The following tables give the countries that comprise the world's poor nations now and in 2050 - those with average per capita GDP under $4,000 per year.

The Poor (2006)
Country Population (millions) GDP (millions) Per capita GDP
India 1130 $4,156,000 $3,678
Pakistan 165 $437,500 $2,656
 Bangladesh 150 $336,700 $2,239
Uzbekistan 28 $55,750 $2,005
Other Africa 720 $1,360,000 $1,889
Total
2193
$6,345,950
$2,614

The Poor (2050)
Country Population (millions) GDP (millions) Per capita GDP
Saudi Arabia 49 $167,110 $3,378
Peru 43 $136,631 $3,215
 Azerbaijan  10 $30,072 $3,132
Venezuela 41 $126,989 $3,082
Turkmenistan 7 $20,405 $3,001
Iran 102 $290,784 $2,851
 Algeria  50 $119,915 $2,423
Philippines 127 $301,390 $2,371
India 1593 $3,559,573 $2,235
Indonesia 285 $591,254 $2,077
Ecuador 19 $36,781 $1,916
Other C&S America 108 $190,978 $1,768
Egypt 126 $170,754 $1,356
Other Middle East 229 $285,425 $1,247
Pakistan 305 $271,788 $892
Uzbekistan 39 $29,129 $753
 Bangladesh 243 $168,749 $695
Other Africa 1436 $835,649 $582
Total
4810
$7,333,377
$1,525

In sharp contrast to the outcomes expected for the rich countries, poor nations face a decidedly bleak future in 2050.  The number of poor nations or regions jumps from 5 to 18.  The total population of the group more than doubles while the average per capita GDP for the group drops by over 40%.  Given the level of human misery that exists in the poor nations today, this is a decidedly ominous forecast.

Current statistics from The World Bank indicate that over a billion people today live on a single dollar a day - half of the population I listed above as comprising the poor of 2006.  The growth in that population, coupled with the drop in per capita GDP, implies that well over twice that number will be desperately poor in 2050 - perhaps as many as 3 billion.  According to the same source, about half the world's population today lives on less than $2 a day.  If the scenario developed in this article is close to being true, that number could double by 2050. That demographic and economic earthquake could leave 6 billion people - almost the size of today's entire global population -  trying to survive on such a pittance.


Conclusion

The conclusion is straightforward.  By 2050 well over half the world's population will be desperately, abjectly poor, and even the rich will find themselves living in constrained circumstances as their average per capita income drops by 30%.  Just at the time when foreign aid is most desperately needed, the nations that will be called on to supply it will be find themselves less able to deliver.  The implications for life and death in the  poverty-stricken regions are dire indeed.

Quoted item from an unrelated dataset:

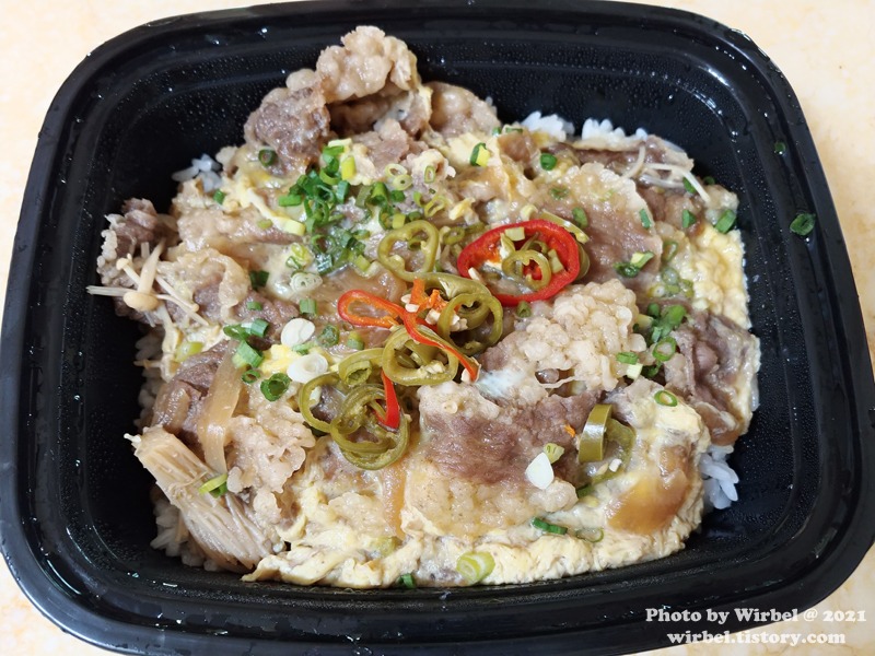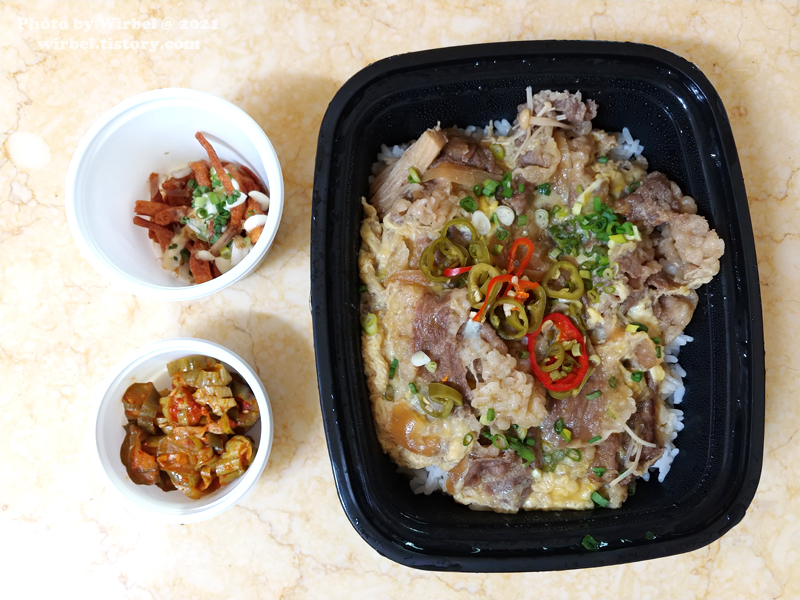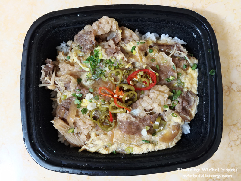 일본 가정식의 스키야키 덮밥과 다르게 고추절임이 있어서 톡톡 매콤합니다.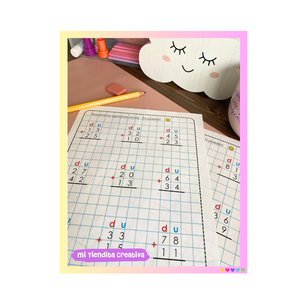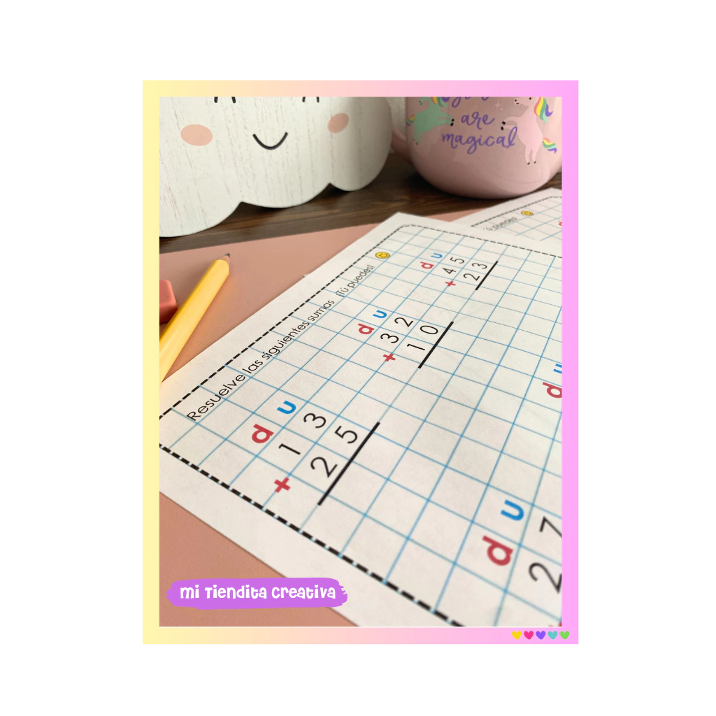 Estas hojas de trabajo están diseñadas para ayudar a tus alumnos a practicar y reforzar sus habilidades en suma, centrándose específicamente en la suma de unidades y decenas.

So far, these articles have examined only the impact of energy and demographics on the global economic picture.  Complicating factors which have not yet been addressed include: geopolitical upheavals (primarily economic migrations and the threat of increased resource wars); the effect of impoverishment on the food supply of the growing ranks of the destitute; and the underlying drumbeat of ecological damage heralded by the droughts and floods of climate change, the loss of soil fertility and ground water supplies and the death of the oceans.  The prospects for the Earth's poor are not likely to improve as we progress though this analysis.